One morning she brought in two pieces of cloth for his opinion on them. One was red, a bright vermilion, the other pale green. That she sought his opinion was nothing unusual. All No. 2 used to do it.
‘Which to choose, Mr. Haynes?’
‘The green. Only Spaniards from South America wear red dresses.’
‘But I like the red, Mr. Haynes.’
‘Why did you ask me, then? You have to wear the dress, not I.’
‘I didn’t expect that you would wear the dress. I don’t see why you should tell me that.’
‘Don’t lose your temper. Make your red dress. Only, when you are wearing it and I meet you in the street, please don’t think anything if you see me looking the other way.’
‘It’s my dress,’ said Maisie, and swept up the two of them. ‘If you don’t want to speak to me in the street, Mr. Haynes, don’t speak to me. Don’t speak to me in here either. I’ll wear red, white and blue if I like.’

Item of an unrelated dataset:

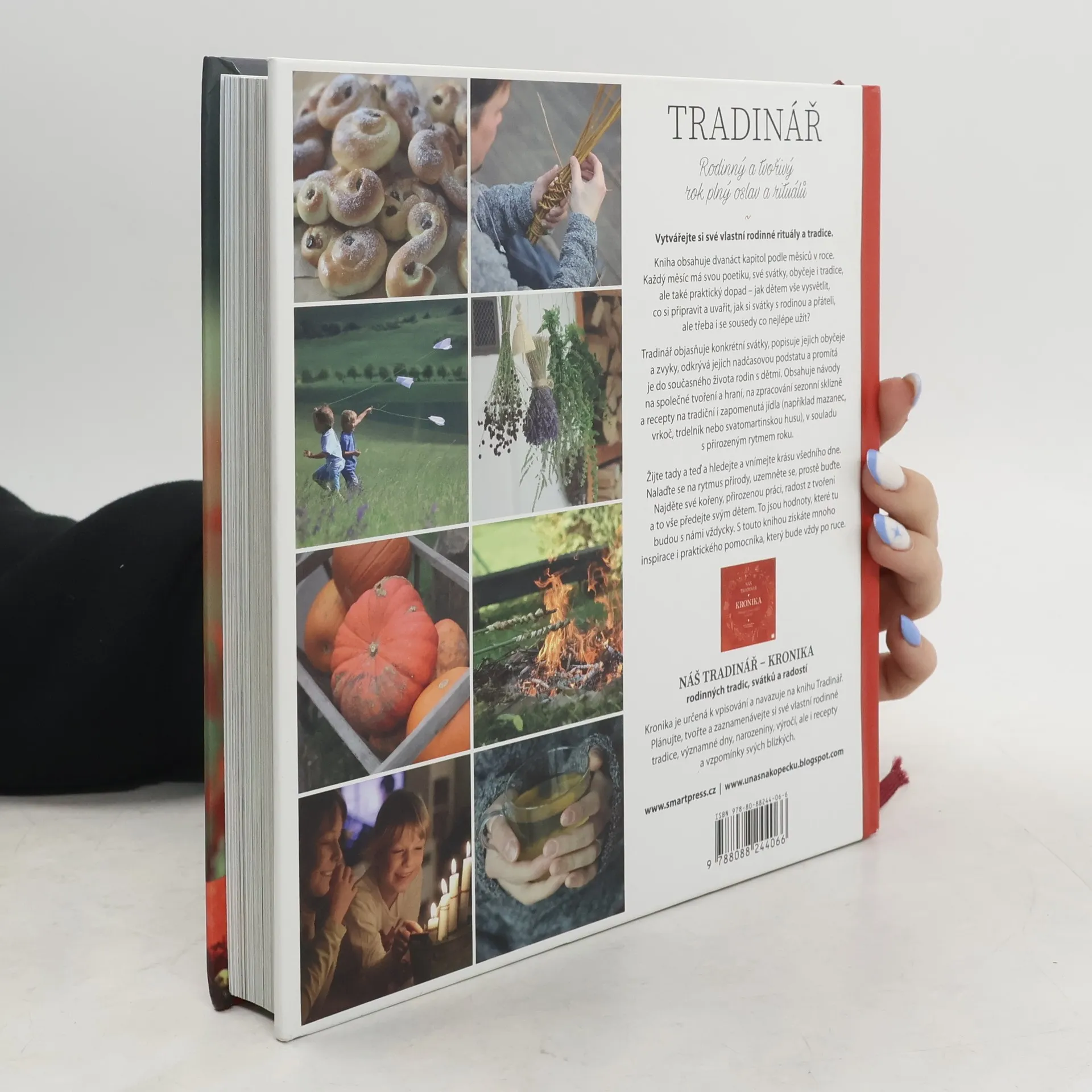 Limitovaná edice - bílá obálka. Kniha obsahuje dvanáct kapitol podle měsíců v roce. Každý měsíc má svou poetiku, své svátky a rituály, ale i praktický dopad - jak vše dětem vysvětlit, včas si připravit, na nic nezapomenout? Vytvoříte si své vlastní rodinné rituály a tradiční svátky si společně s rodinou, sousedy a přáteli pěkně užijete. Rodina - Tradice - Rok - Rytmus - Příroda - Rituály - Vaření - Tvoření - Zahrada Všichni rádi slaví. V listopadu pečeme husy, Vánoce slavíme nejraději, na Velikonoce si obarvíme vajíčka. Víme ale proč? Filipojakubská či svatojánská noc nám znějí tajemně a magicky. Kniha vysvětluje konkrétní svátky, objevuje souvislosti, popisuje symboly a významy a promítá je do současného života. Obsahuje návody na jednoduché tvoření a recepty na tradiční i zapomenutá jídla (např. svatomartinské rohlíčky či šípkový čaj). Vychází z tradic a vrací rodinnému, ale i společenskému životu prapůvodní podstatu, kdy se žilo ve spojení s přírodními cykly a ve větší pospolitosti. Mnoho svátků a obyčejů se slaví společně - v obci, vesnici, komunitě, mezi sousedy. Nalaďte se na rytmus přírody, uzemněte se, prostě buďte. Najděte své kořeny, přirozenou práci, radost z tvoření a to vše předejte svým dětem. Jsou to totiž hodnoty, které tu budou s námi (snad) vždycky. Kniha je vhodná pro maminky, tatínky, pro mateřská centra, školky, školy, babičky a dědečky. Rodinný a tvořivý rok plný oslav a rituálů.

‘I could get an old Union Jack for you if you …’
She stamped out.
Saturday morning there was a commotion. The dress had come to be tried on. Formerly Haynes’s opinion would outweigh that of all the others in the house, but today—
‘Mr. Haynes.’
Maisie was outside.
‘Yes.’
‘I can come in?’
‘Yes.’
‘I want you to tell me how the dress look.’
‘I see. Well, if you think my opinion worth anything.’
‘You will tell me as long ago? You not vexed?’
‘Not at all. Come along. Let me see you.’
And when she came in, it was the green dress after all.
But this was merely the decoration to her unwearied personal attendance on him week in and week out. Her own shoes might go uncleaned for days, never were his so bright as under her skilful hands. She made and remade his bed five times a day. She spent hours looking for papers he had carelessly mislaid. Now and then his carelessness or untidiness (habits which Ella had encouraged) might cause her to say: ‘But, Mr. Haynes, you are a troublesome man. People have no peace with you.’ But she would look at him and smile while she spoke, or immediately after, to soften the sting of truth in her words.
Rarely did she ask for money. To pay a rampageous creditor, to buy medicine if she felt ill – once a month or perhaps less. Haynes gave her presents on occasion, but few things irritated her more than the suggestion that he should pay her specifically for anything she did for him. ‘God! Mr. Haynes, you have a bad mind. I didn’t do it for money.’
And yet another day when he asked her why her behaviour to him and her behaviour to the others were such miles apart, she said:
‘Them! Who will bother to behave for them.’
Her regard for him extended beyond the borders of his personal comfort and well-being. Nobody could say anything against Haynes. She was at once a flame of protest. She guarded his property jealously, keeping track of books and records borrowed overlong by careless friends. She would rush into the room.